I don't think there is an easy way to modify the values that are displayed in any of the default state charts in the Dashboard. However, you can manually retrieve the values that those charts are using in their calculations by using the getstat() command. You can also use this command in a Custom Chart from the Dashboard's library. I have included a sample model as an example (dashboard-customhoursutilizedperweek-example.fsm).

To set up a Custom Chart, you first add objects in the Associations tab just like you would add objects in any other State chart. Then, you define the data that will be displayed in the Data tab.

If you'd like to learn more about how Series and Categories are used in a Custom Chard, you can read more about them in the User Manual, under Charting and Reporting > The Dashboard > Concepts > Custom Chart. But since you only want to display one piece of information for each Operator, I have both set to 1 in the example model. The important part is the Data Point Value field, where I use this custom code:

double stat = getstat(current, "State", STAT_TIME_AT_VALUE, 0, STATE_UTILIZE)/3600;
double currentWeek = getmodelunit(CURRENT_DAY)/7;


if (currentWeek == 0)
	return 0;


return stat / currentWeek;

It is possible to condense this into fewer lines and possibly even one line, but I went ahead and separate it out for easier reading.

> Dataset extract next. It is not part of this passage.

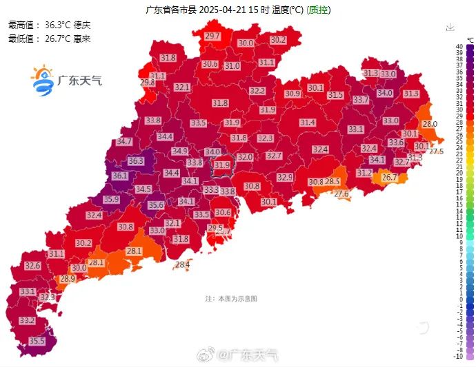 社交媒体截图据@广东天气,4月21日,广东大部受副热带高压控制,以晴热天气为主。截至21日15时,“鸡腿”已被烤到红通通,广东全省大部分地区的气温已超过30℃,徐闻、罗定、郁南、新兴、德庆已超过35℃。最高气温为36.3℃,出现在德庆。截至15时08分,广东全省有13个高温黄色预警生效中,天气又热又闷,大家要注意多喝水。

The gist of how I am using the getstate() command is it will retrieve the amount of time an object has been in a specified state. The current variable is a reference to the object(s) selected in the Associations tab of the chart. The "State" string means we want to look at the object's states when retrieving information (there are other possibilities that are outlined in the User Manual). The STAT_TIME_AT_VALUE means we want to get the current number for the specified state (again, there are other possible values that can be put here defined in the User Manual). The 0 is the state profile we want to look at (0 is the default state profile, but you can create custom profiles and reference them instead). And the STATE_UTILIZE is the state we want to get information from. I also divide by 3600 to give us that number in hours since my model is running in seconds.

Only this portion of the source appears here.